MSL complex associates with the bodies of active X-linked genes with a 3′ bias. The metagene profiles show X-linked genes with the greatest MSL occupancy in red (bound genes, n = 700, the vast majority of which are transcribed), compared to unbound genes in green (n = 702, largely not expressed), or to all genes on the 2L autosomal arm in gray.
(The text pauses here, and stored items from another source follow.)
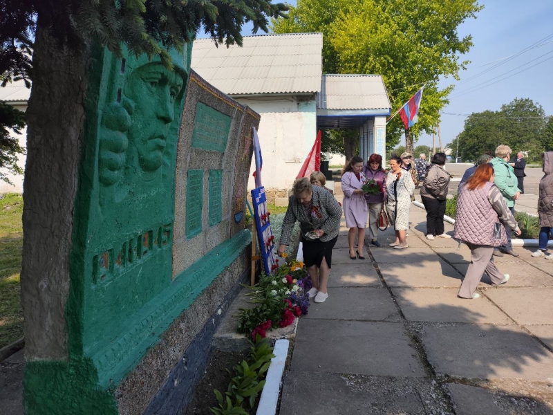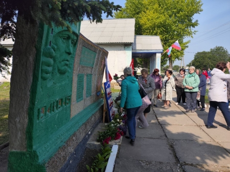 Возложили цветы к памятнику односельчан, погибших во время Великой Отечественной войны в сопровождении музыки военных лет и о войне.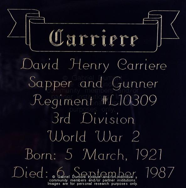 | Description: | This image is of a biographical plaque of David Henry Carriere (1921-1987), a veteran of the Second World War. According to Victor Demas Carriere, who granted the Gabriel Dumont Institute permission to photograph this image, his father David Henry Carriere was only 17 when he joined the Canadian Army. David enlisted because his older brother Frank had signed up and he did not want is brother to go to war by himself.
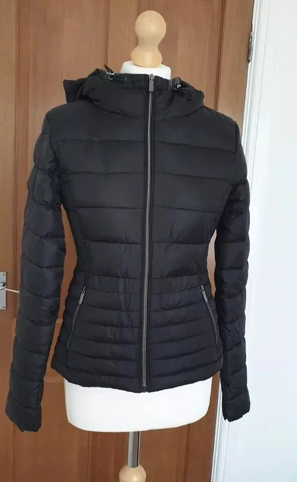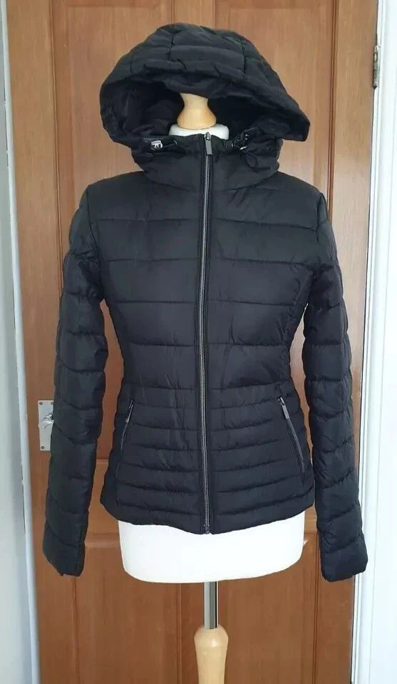 ZARA BLACK SORONA WATER REPELLENT LIGHT WEIGHTJACKET COAT BNWT SIZE XS Fitted jacket featuring a high collar with adjustable drawstring hood and long sleeves. Front zip pockets. Zip-up front. BLACK | 5071/222 100% polyester LINING 100% polyester FILLING 100% polyester Approximant measurements are as below; Armpit to pit approx. 18""Shoulder approx.15"Sleeve approx.25"Length approx. 22.5" Waist Approx. 15" Thank you for looking SORRY, NO RETURN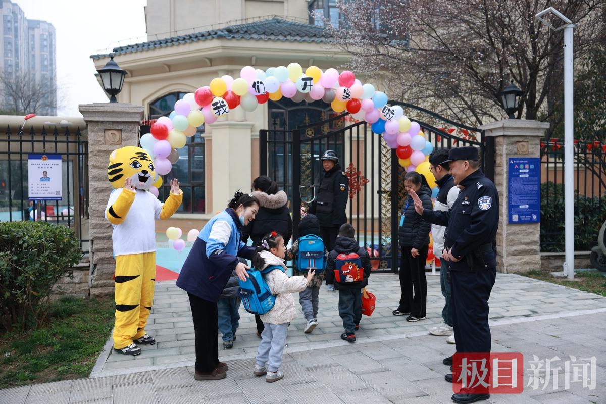 3月4日清晨,湖北襄阳市襄城区恒大华大天童幼儿园门口暖意融融。襄阳市公安局襄城区分局檀溪派出所民警汪浩国早早来到护学岗,迎接孩子们的开学第一天。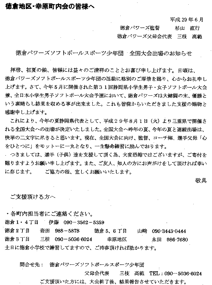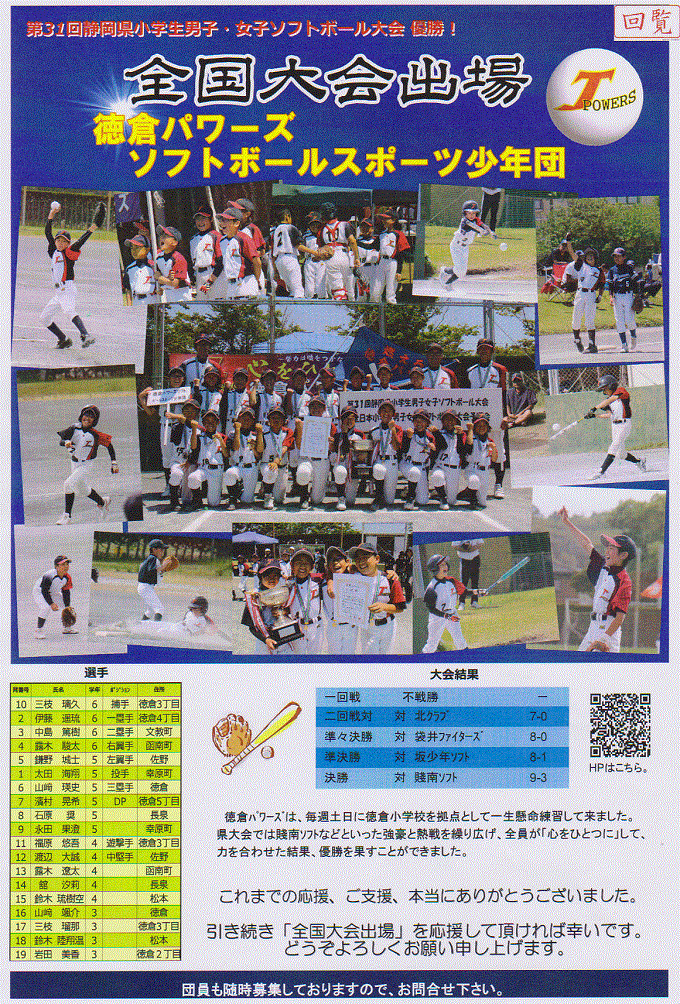 - 徳倉パワーズソフトボールスポーツ少年団全国大会出場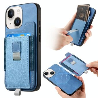 Θήκη τηλεφώνου για iPhone 15 Retro MagSafe από δέρμα με θήκη καρτών που τραβιέται (Μπλε)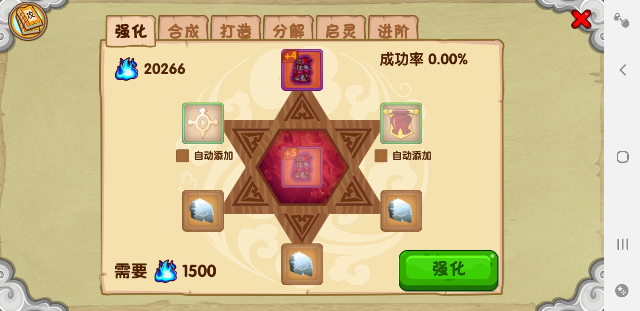 不过神恩符挺稀缺的,咱们得好好规划着用。它大概能提升百分之十五上下的成功率,在装备强化等级比较高的时候作用还挺明显的。不然哪怕用六个六级强化石,强化成功率也低得让人揪心,要是强化失败了那滋味真的太难受了。所以装备强化到加六以上的时候,一定要记得放强化石。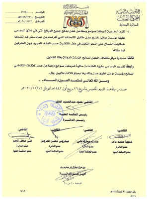 وايدت المحكمة العليا الأحكام السابقة من المحكمة الابتدائية والاستئناف، باعادة ما لا يقل عن 50 مليون دولار، لمؤسسة موانئ خليج عدن، مستحقات لها عن الفترة الماضية، إضافة إلى مستحقات المؤسسة خلال الفترة المقبلة، وفق العقد بين الطرفين.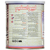 مکمل فیبری- پروتئینی لیپو اسلیم مکمل غذایی برای کاهش و حفظ وزن مطلوب بدن و کاهش چربیهای خون (کلسترول و تری گلیسیرید) می باشد. اگر می خواهید وزنتان را کم کنید و یا از افزایش وزن خود جلوگیری کنید تنها کافی است بخشی از یک یا دو وعده از غذای روزانه خود را با لیپو اسلیم جایگزین نمائید و به وزن ایده آل برسید. لیپو اسلیم خطر ابتلا، به بیماری های قلبی را کاهش می دهد و یک منبع غنی از پروتئین، ویتامینها می باشد. ترکیبات: فیبر گندم، فیبر جو دوسر، فیبر سیب، پروتئین غلیظ شده آب پنیر، پروتئین غلیظ شده شیر، نشاسته مقاوم، مجموعه ویتامینی، پکتین، اینولین، گوارگام، پسیلیوم، زانتان گام، آسپارتام، طعم دهنده های مجاز خوراکی.
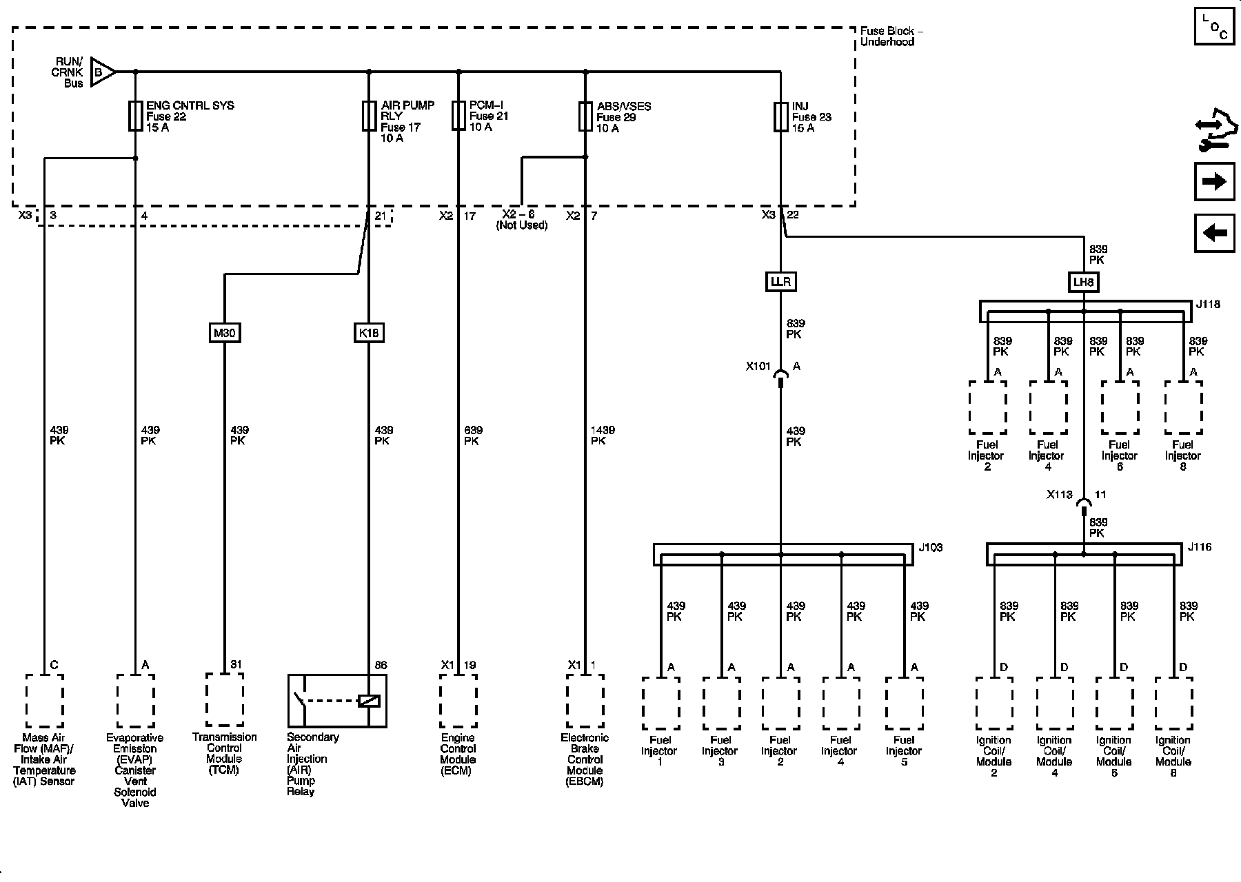 RUN/CRNK Relay Bus - 3 of 3, AIR PUMP RLY, ENG CNTRL SYS, INJ, and PCM-I Fuses

The average bound profile covers the bodies of active genes on the male X, with a 3′ bias. All transcription units were scaled and aligned at their 5′ and 3′ ends. Chr, chromosome. From Alekseyenko et al. 2006; reprinted with permission from Cold Spring Harbor Laboratory Press (Cold Spring Harbor, NY).

Figure 9

Recovery of the CESs and their consensus sequence. Crossing scheme that results in recovery of msl3 mutant male embryos, along with their msl3⁺ sisters. Since only males express MSL2, ChIP of the total population results in selective recovery of MSL2 sites remaining in the absence of MSL3, also known as the CESs. The Multiple EM for Motif Elicitation algorithm revealed a consensus MRE logo based on the 150 sites recovered (adapted from Alekseyenko et al. 2008).

Figure 10

Jumpstart and gain model for dosage compensation. The transcription profile of genes on autosomes (Auto, blue line) compared to dosage compensated genes on X (chrX, red line). Both attract abundant Pol II, producing short transcripts while paused. An increase of mRNA production occurs on X-linked genes due to H4K16ac enriched on gene bodies. The facilitated steps include pause release (jumpstart), and a measureable gain during elongation. From Ferrari et al. 2013b; reprinted with permission from Elsevier (Amsterdam).